FAQ on revolutionary unionism (in development)

What is a revolutionary union?

A union that is at the same time an organization of workers to improve wages and working conditions, and a revolutionary organization to emancipate workers from wage slavery to the employers. To improve working conditions the preferred method of struggle is direct action against the employer: the strike in its many forms, the work-slowdown, all culminating in the general strike against all employers and occupation of the means of production. To emancipate the workers, the revolutionary union prepares the workers to run industry themselves by running the union democratically, educates workers in strategy and tactics to fight the bosses and the science and technology to transform industry, and prepares them for the class struggle.

Why do we call the unions of the AFL-CIO and their kind “business unions”?

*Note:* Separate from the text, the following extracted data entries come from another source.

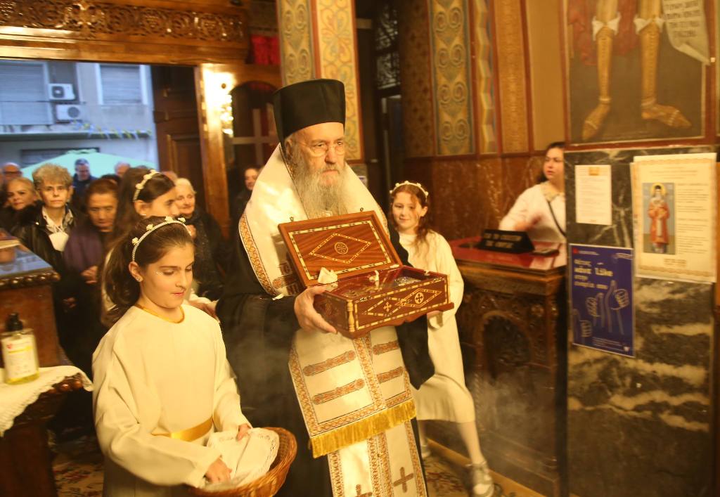 Το πρωί της Κυριακής, 11 Ιανουαρίου, ο Σεβασμιώτατος κ. Ιερόθεος χοροστάτησε στον αναστάσιμο Όρθρο και τέλεσε την θεία Λειτουργία πλαισιούμενος από τους Ιερείς του Ιερού Ναού και τους Διακόνους του. Στο κήρυγμά του ο Σεβασμιώτατος, ανέφερε την προφητεία του προφήτου Ησαίου που περιλαμβάνεται στο ευαγγελικό ανάγνωσμα της Κυριακής, «ο λαός ο πορευόμενος εν σκότει είδε φως μέγα», αφού ο Χριστός μετά την Βάπτισή Του στον Ιορδάνη ποταμό και την αντιμετώπιση των πειρασμών στην έρημο, άρχισε να κηρύττη την μετάνοια. Στην συνέχεια ερμήνευσε το χωρίο αυτό με βάση ένα κήρυγμα του αγίου Καλλινίκου αυτήν την Κυριακή.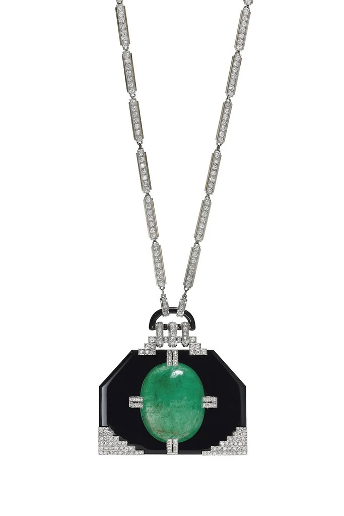2017佳士得《超越界限:歐洲前衛大師鉅作珍藏》,Georges Fouquet六角形黑瑪瑙片狀吊墜鑲蛋面祖母綠,1925年製,最後成交價為CHF492,500(逾新台幣1千5百萬元)。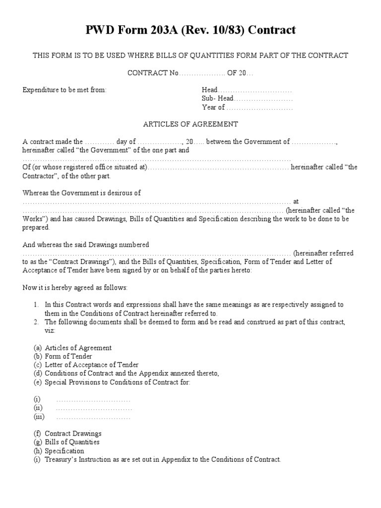 Jkr Pwd Form 203a With Bills Of Quantities Indemnity Insurance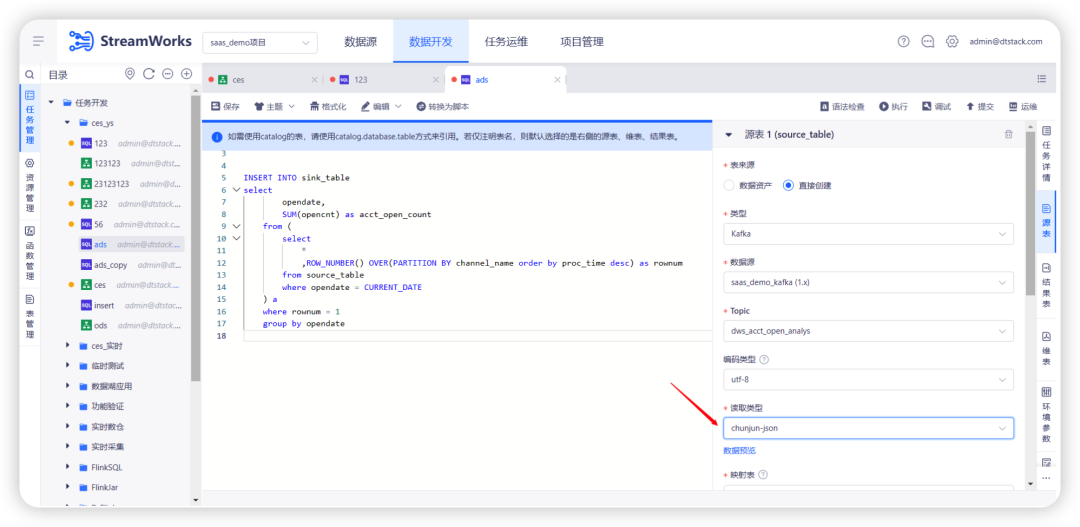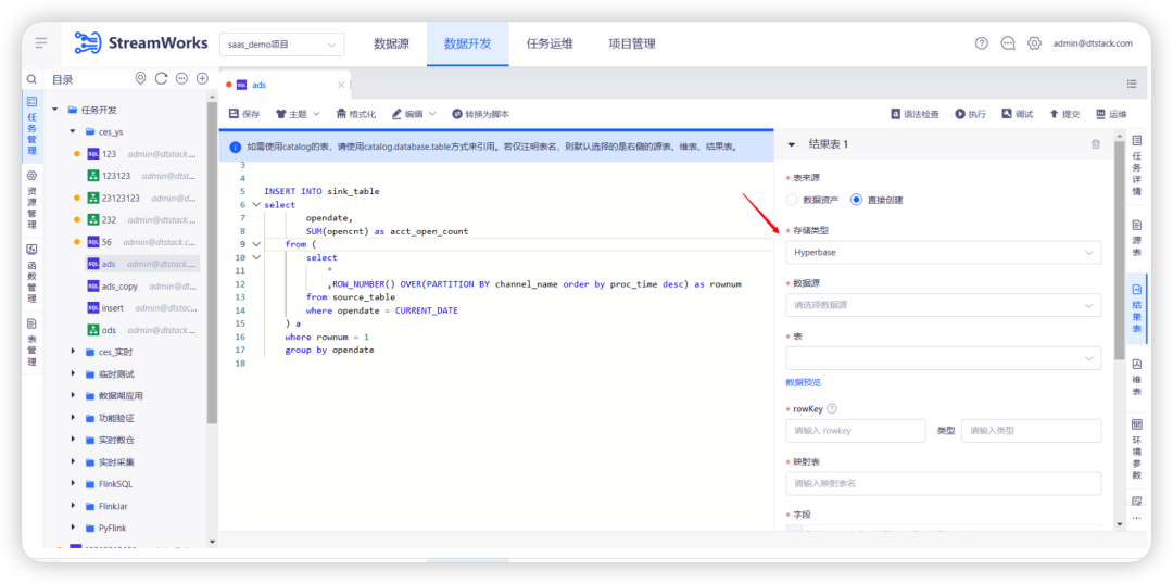 2.任务选择中支持选择落表模型对应的模型任务
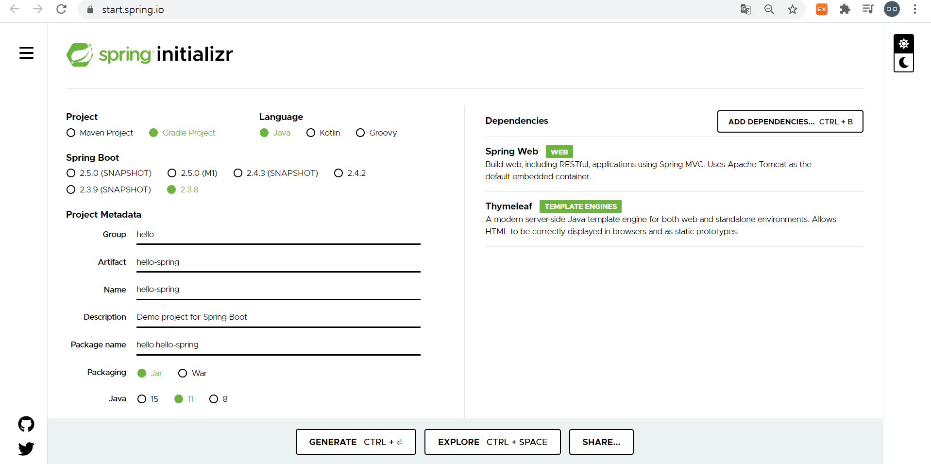 + Spring Web, tymelif(HTML 템플릿 엔진)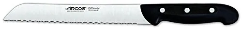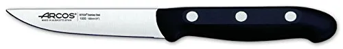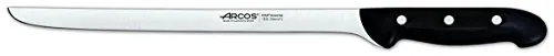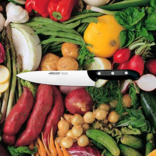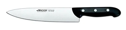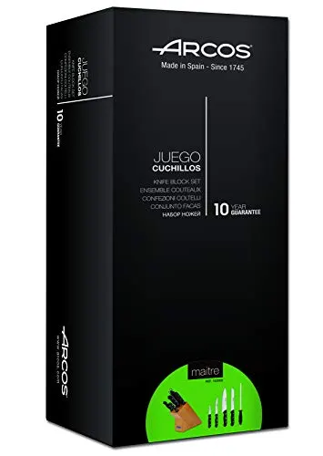 El juego de cuchillos Arcos Maitre es la elección perfecta para aquellos que buscan un conjunto de cuchillos de alta calidad para el uso diario en la cocina. Este juego incluye 4 cuchillos de cocina y 1 tijera de cocina, todos fabricados con acero inoxidable NITRUM, una fórmula de Arcos que proporciona una hoja de acero al nitrógeno de alta dureza y durabilidad del filo. Los mangos están fabricados en polipropileno (PP), un material plástico de alta resistencia mecánica, poco peso y buen acabado superficial. Además, los remaches machihembrados de acero inoxidable garantizan la alta resistencia a la corrosión. Este juego de cuchillos viene en un taco de madera en una caja de regalo, lo que lo convierte en una excelente opción para regalar. Fabricado 100% en España, este juego de cuchillos Arcos Maitre viene con una garantía de 10 años contra todo defecto de fabricación.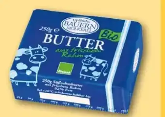 Jetzt im Angebot bei REWE Center: Upländer Bauern Molkerei Bio-Süßrahmbutter ✅ Aktion gültig vom 26-01 bis 1-02.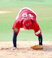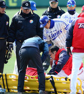 타구에 맞고 넘어지는 김진우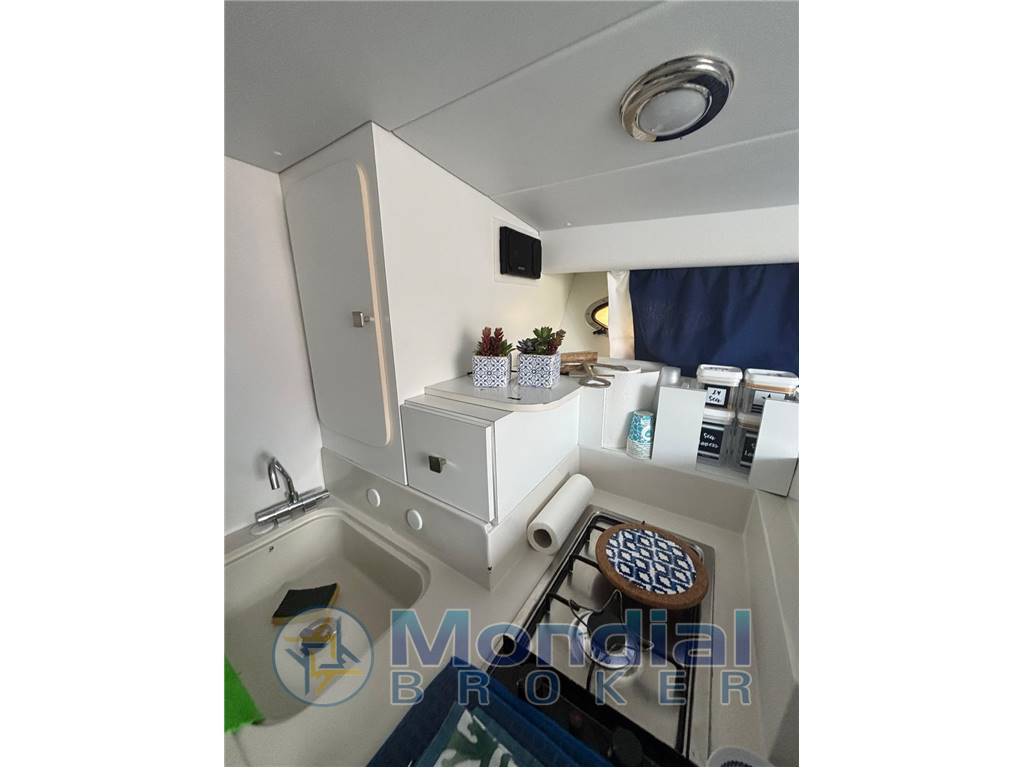 Cabina di prua separata con letto matrimoniale, a centro barca dinette con tavolo trasformabili in letto 2 posti più ulteriore divanetto usufruibile come ulteriore posto letto. Bagno separato + cucina completa con frigo - fuochi e lavabo.

There are two reasons for this. Firstly business unions are not democratic but bureaucratic. They are run by union professionals, mostly lawyers, who are not workers but middle class managers who because they spend all their time doing the union business are entrenched politically and able to keep the rank-and-file in line. Like salesmen, they sell their services to workers like insurance as protection from the boss and to employers as protection from their workers. Secondly. we call them business unions because they believe in capitalism. Just like the right-wingers, the business unions believe that capitalists are “job creators” and that capitalists are necessary. To believe in capitalism is to believe in wage slavery. Such unions can never emancipate workers.